Extract strings from XML files and create a new XML

Hello everybody,

I have a double mission with some XML files, which is pretty challenging for my actual beginner UNIX knowledge. I need to extract some strings from multiple XML files and create a new XML file with the searched strings..

The original XML files contain the source code for creating PDF files. I write here an abstract example and explain after the challenge.

<Header>My favorite restaurant</Header>
   <breakfast_menu>
      <food>
         <name>Belgian Waffles</name>
         <price>$5.95</price>
         <description>Two of our famous Belgian Waffles with plenty of real maple syrup</description>
         <calories>650</calories>
       </food>
       <food>
         <name>Strawberry Belgian Waffles</name>
         <price>$7.95</price>
         <description>Light Belgian waffles covered with strawberries and whipped cream</description>
         <calories>900</calories>
       </food>
       <food>
         <name>Berry-Berry American Pie</name>
         <price>$8.95</price>
         <description>Light American Pie covered with an assortment of fresh berries and whipped cream</description>
         <calories>900</calories>
       </food>
       <food>
          <name>French Toast</name>
          <price>$4.50</price>
          <description>Thick slices made from our homemade sourdough bread</description>
          <calories>600</calories></food><food><name>Homestyle Breakfast</name>
          <price>$6.95</price>
          <description>Two eggs, bacon or sausage, toast, and our ever-popular hash browns</description>
          <calories>950</calories>
          </food>
   </breakfast_menu>
<Footer>My favorite restaurant</Footer>

So, the UNIX script should extract the Header, the entire rows that contain 'Belgian' and 'American' and the Footer and put them in a new XML file. The list with the searched strings is provided through a separate Input file. I hope I managed to create a clear requirement. Please let me know if any extra information is needed.

Thank you very much,
Milano

Hello and welcome to the forum milano.churchil

  1. This is not a valid xml code.
  2. Please use code tags, as you have accepted by the forum rules.
  3. What have you tried so far?

Have a nice day.

Is this a homework assignment?

Homework must be posted in the homework & coursework questions forum and must include a fully filled out questionnaire from the homework template.

Hello! This is not a homework, is something that I need for work. Please let me now if is necessary to change the topic or put more information. Thank you!

Milano

---------- Post updated at 04:59 AM ---------- Previous update was at 04:56 AM ----------

So far I tried the 'csplit' command, but it doesn't working for what I need, because there are multiple strings to be found and extract into a new XML file.

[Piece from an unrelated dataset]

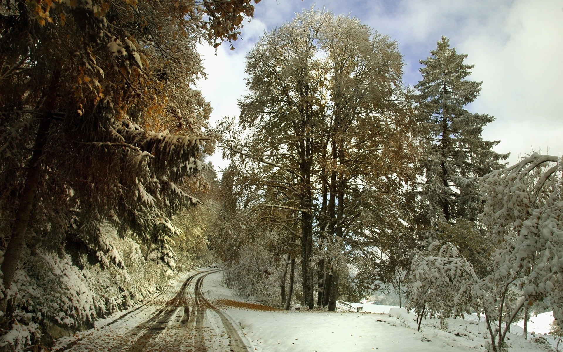 Edytor tapety: Droga, Góry, Las, Drzewa, Zima
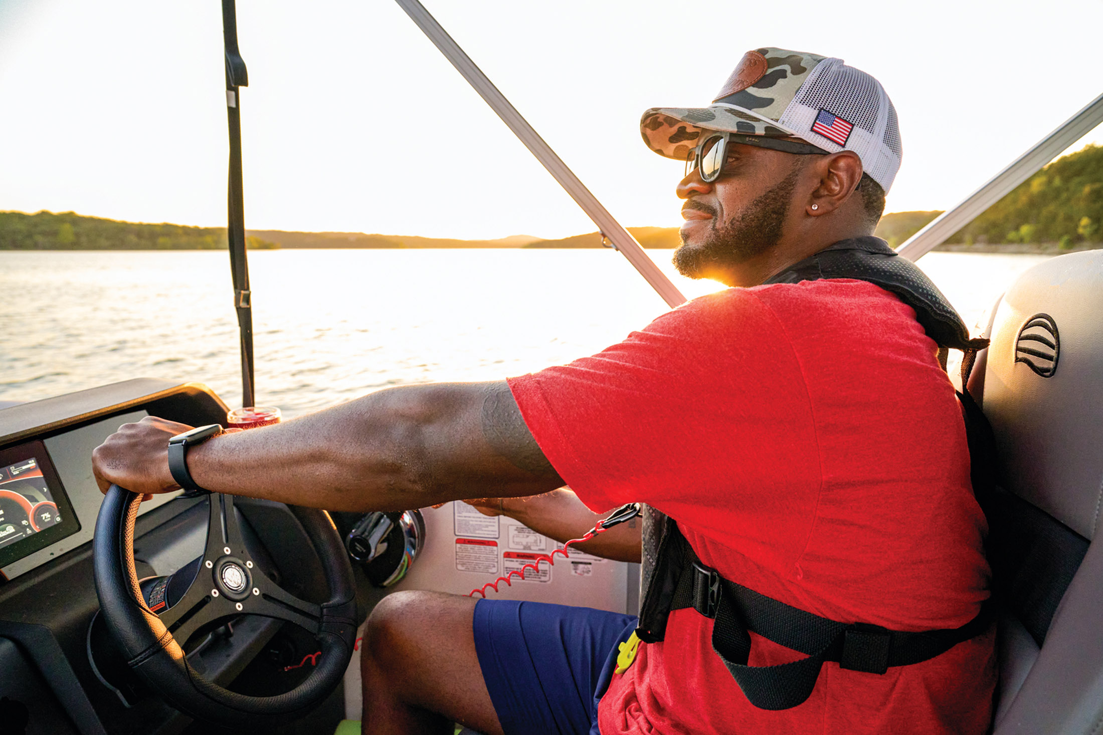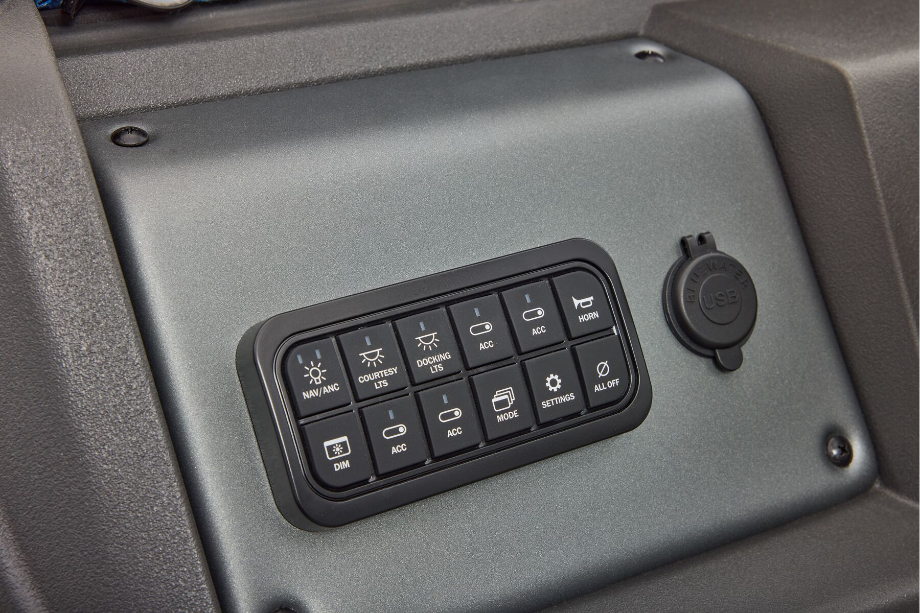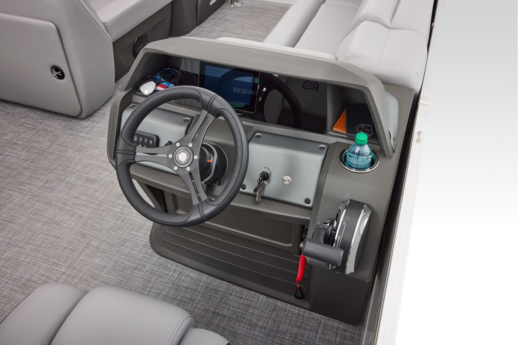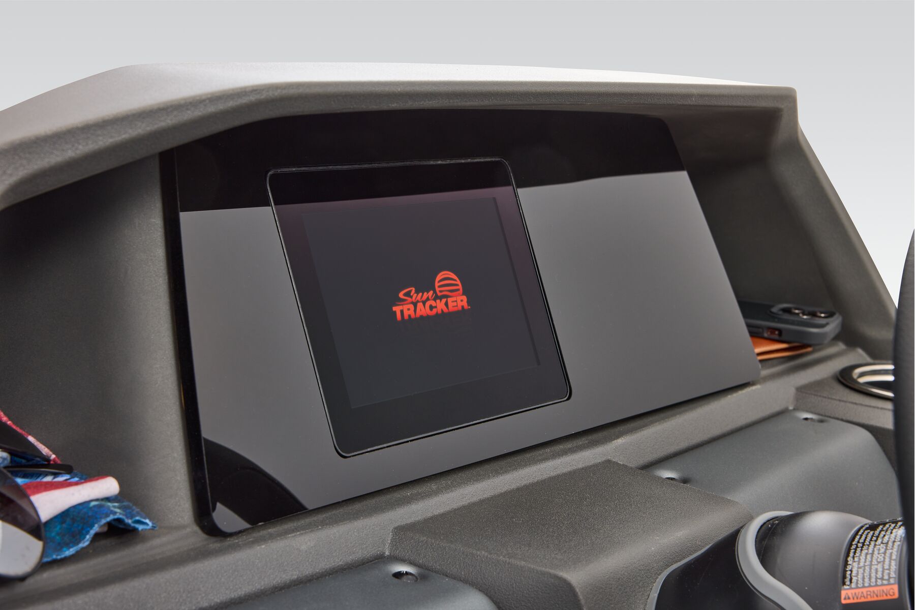 Note: SunTracker’s innovative new FLARE touchscreen gauge display relies on proprietary digital engine data not available from all engines. Boats equipped with optional Mercury 9.9ELPT FourStroke or 20ELPT FourStroke engines will experience limited monitoring capability. See dealer for details.

What is the pathname of the "separate Input file"?
What is the format of the "separate Input file"?
What is the pathname of your "original XML file"?
What pathnames do you to be given to the output file (or files) that are to be created?
Show us a sample "separate Input file".
Show us the exact output file (or files) you want to create with the updated XML file you have provided in post #1 in this thread and the separate Input file that you will provide.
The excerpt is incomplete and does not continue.